The kit of the embodiment is used for detecting pathogens of upper respiratory tract infection of cats, and the detection method comprises the following steps:
(1) Dipping a sterile cotton swab in a sample of the diseased cat by taking eye and nose secretions of the diseased cat, such as no available saliva;
(2) Soaking the cat sample into the pretreatment solution A for cracking, and gently shaking and uniformly mixing for 30 seconds;
(3) Sucking out 5 microliters of the liquid after cracking and mixing uniformly, transferring the liquid into a pretreatment liquid B, and diluting;
(4) Respectively sucking 1 microliter of diluted samples, adding the diluted samples into 3 detection reagents, tightly covering tube covers of centrifugal tubes containing the reagents, slightly shaking and uniformly mixing the samples, putting the mixed samples into constant temperature equipment, and reacting at the temperature of 65 ℃ for 45-60 minutes.

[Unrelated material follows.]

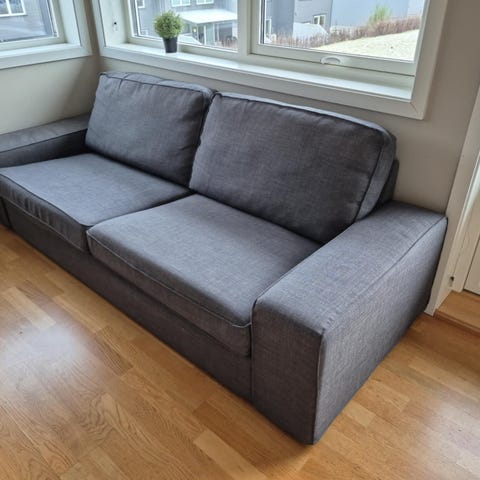 Grå IKEA Kivik 3 seter sofa til salg. Helt ok stand alder tatt i betrakning. IKEA selger forsatt nye trekk til denne type sofa i flere farger og mønstre.
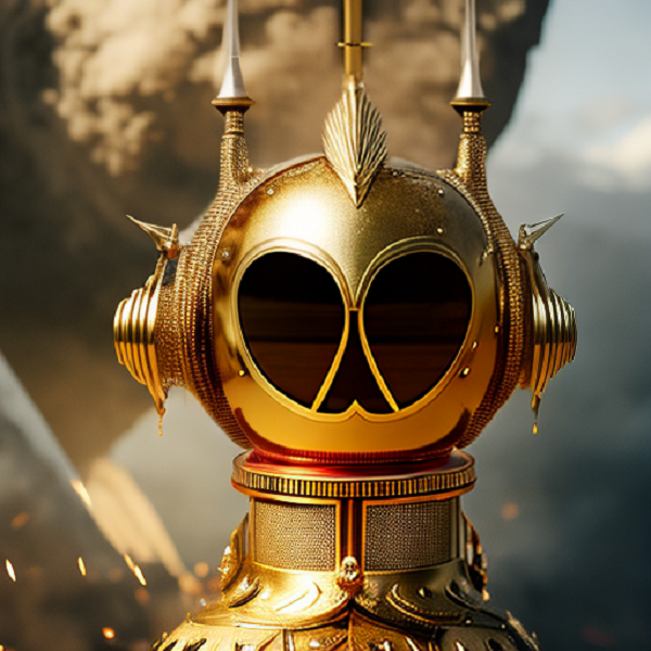 Exclusive design about a Golden Robot portrait. Sci fi Futuristic art.

(5) After the reaction is finished, the color change of the three detection reagents is respectively observed, and the negative and positive are judged by comparing with the negative control. If blue is present, it is positive, and if similar to the negative control, it is negative for purple.
The final display of the detection method of this example for three different pathogens is shown in figure 1.
Example 3 accuracy test
The cat suffering from the upper respiratory tract infection can simultaneously carry three types of the feline herpesvirus type I, the feline calicivirus and the feline chlamydia, and can also carry any two or one of the three types of the feline herpesvirus type I, the feline calicivirus and the feline chlamydia. Taking a healthy cat as a sample 1 to be tested, and setting samples 2-8 to be tested according to different conditions of determined pathogens carried by the sick cat, wherein the detailed conditions are shown in a table 1:
TABLE 1
Figure BDA0001914891020000101
Note: "-" represents "none" and "+" represents "presence".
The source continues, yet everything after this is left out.